With those modifications, the aggregator
- couldn’t know what Alice was asking about
- couldn’t run a MITM attack
- wouldn’t know that Alice trusted Bob, Carol, and Dave. They would be somewhat obscured by the other random people Alice added.
There are still plenty of attack vectors. In particular, Alice could send a list of trust factors that are all 0 except for the one person whose opinion she wanted to see. Or she could add a bunch of people she knows rated Avatar at 100% on the tomatometer, along with Bob. Then she could gauge Bob’s opinion by how far down it nudged the 100%.
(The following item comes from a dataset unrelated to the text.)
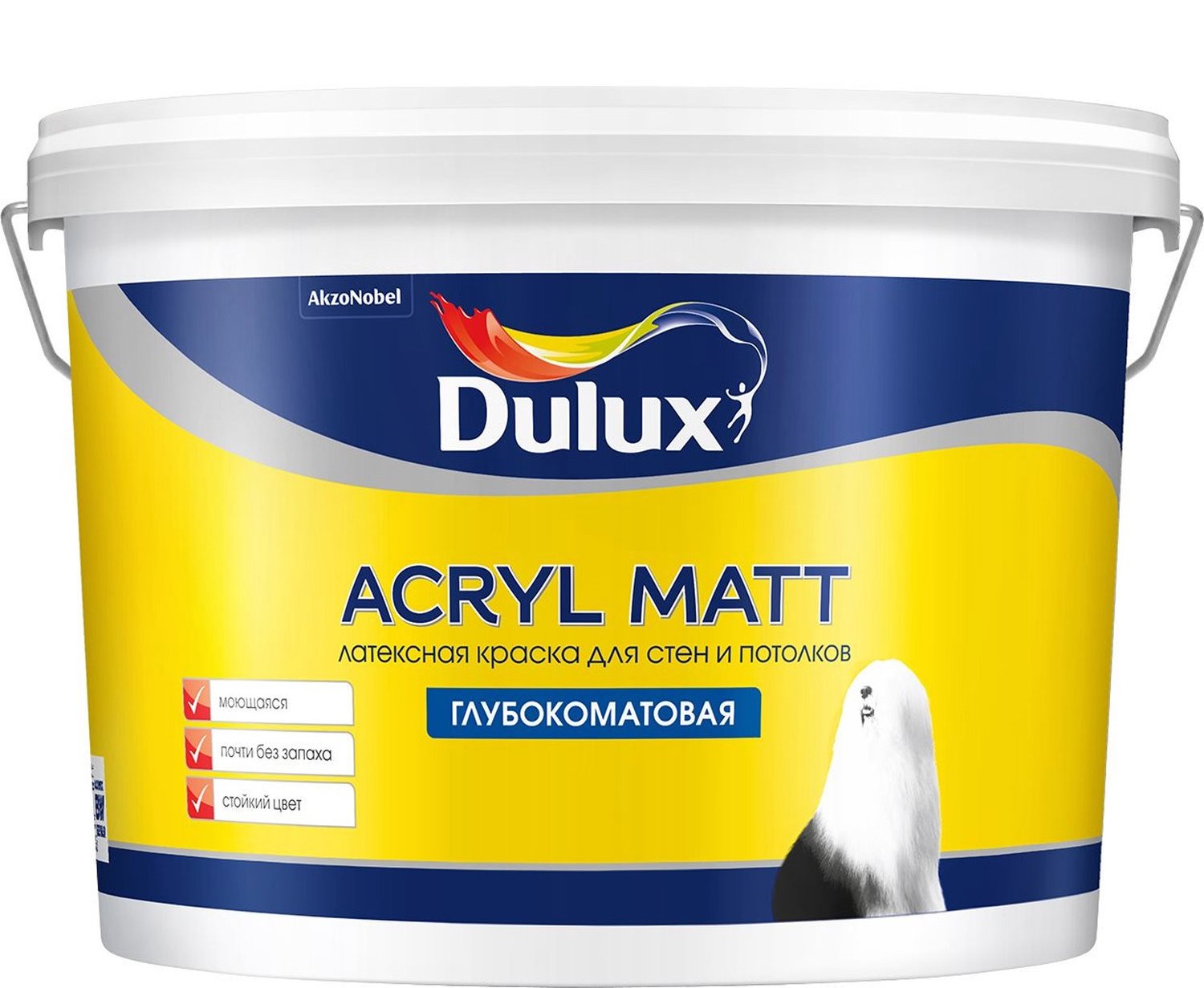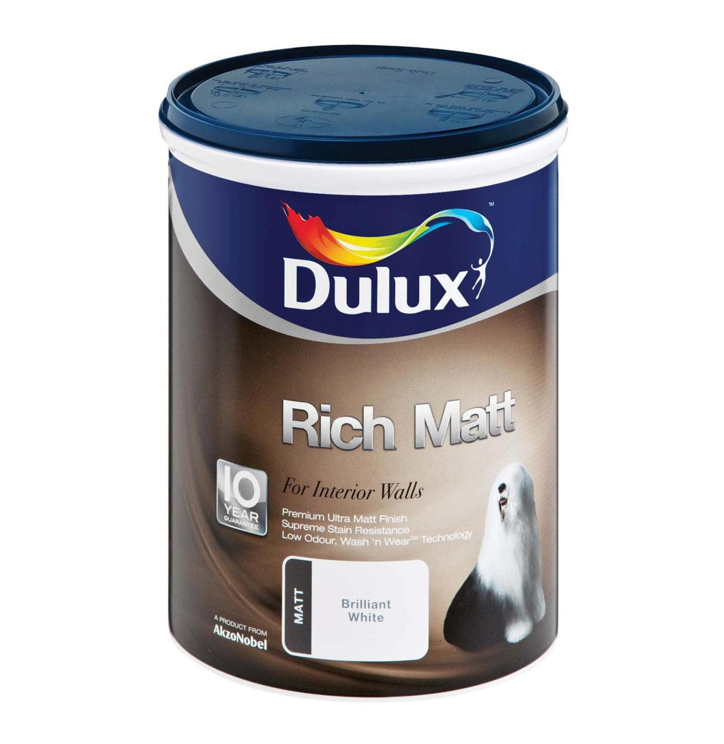 - Tiefe Latexfarbe Dulux Acryl matt es kann seine Farbe für eine lange Zeit behalten, verbläßt nicht, es wird für Innen- und Außenwände sowohl für mäßig feuchte Räume als auch für Räume mit einem hohen Feuchtigkeitsindex verwendet. Die Beschichtung wird ohne Verwendung von Geld mit reinem Wasser gewaschen.
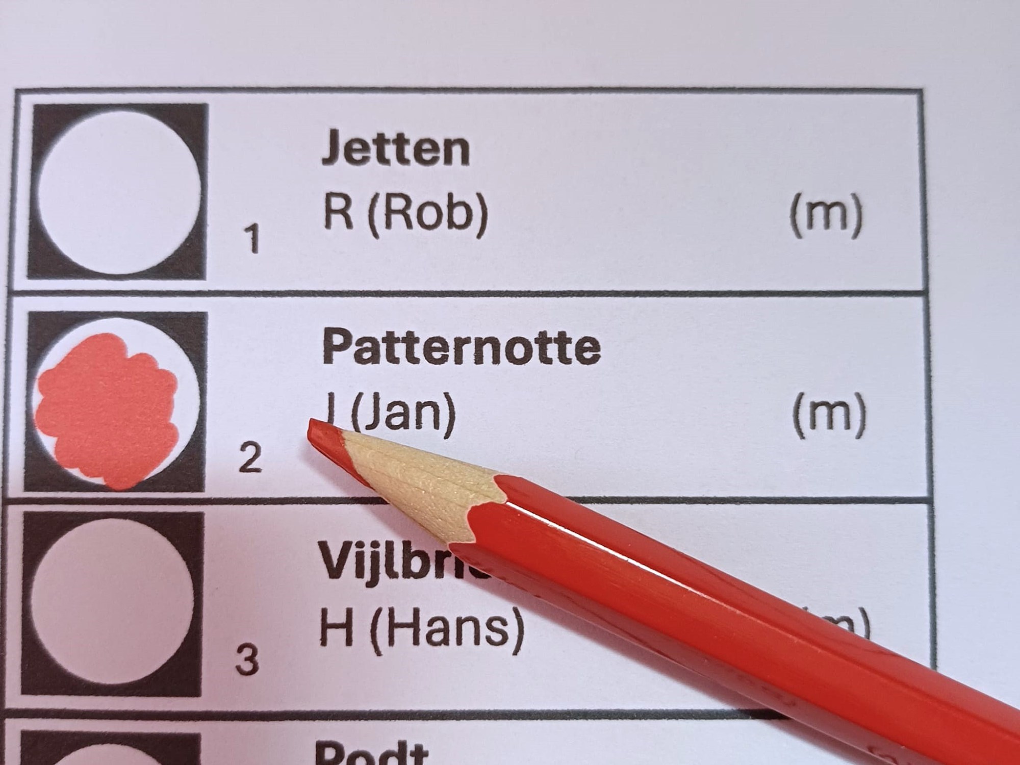 Les électeurs néerlandais votent avec un crayon rouge en coloriant le rond devant le nom du candidat qu’ils choississent

Making guarantees about the parameters
We can use a variant of the Blinded Signature protocol to help with the first problem. Let’s say the aggregator wants to be able to promise Bob, Carol, and Dave that the average trust value applied would be at least 0.5. With that promise, Bob can know that trust factors weren’t something like [1, 0, 0], specifically designed to expose his opinion. Without that promise, Bob may not be comfortable sharing his opinion. (in the case of 3 opinions, this isn’t a lot of protection, but it gets better as the number of opinions increases). Since the trust factors have been blinded to keep the aggregator from knowing how much Alice trusts each of the three, the aggregator can’t make this guarantee.
We can alter the protocol this way. Let’s say Alice has trust weights of Bob: 0.5, Carol: 0.6, Dave: 0.7
- Alice generates 100 keypairs, and 100 different random permutations of the trust vector [0.5, 0.6, 0.7]
- She homomorphically encrypts each permutation using a different key
- enc(key1, [0.5, 0.6, 0.7])
- enc(key2, [0.6, 0.5, 0.7])
- enc(key3, [0.7, 0.5, 0.6])
- and sends the encrypted vectors to to the aggregator
- the aggregator randomly chooses 99 vectors, and asks alice for the keys.
- alice sends the aggregator the keys for those vectors
- the aggregator decrypts the vectors and verifies that the contents of each fulfills its requirements (average value >= 0.5 or whatever)
- the aggregator can be 99% certain that the remaining vector also contains numbers that fulfill its requirements, but it doesn’t know the order of the values in that vector.
- Alice does know the order of values in that vector, though. Let’s say the remaining vector was [0.7, 0.5, 0.6]. Alice knows those correspond to her trust in [Dave, Bob, Carol], so she can tell the aggregator to order the inputs to its computation so that Dave’s input gets matched with Dave’s trust level, etc.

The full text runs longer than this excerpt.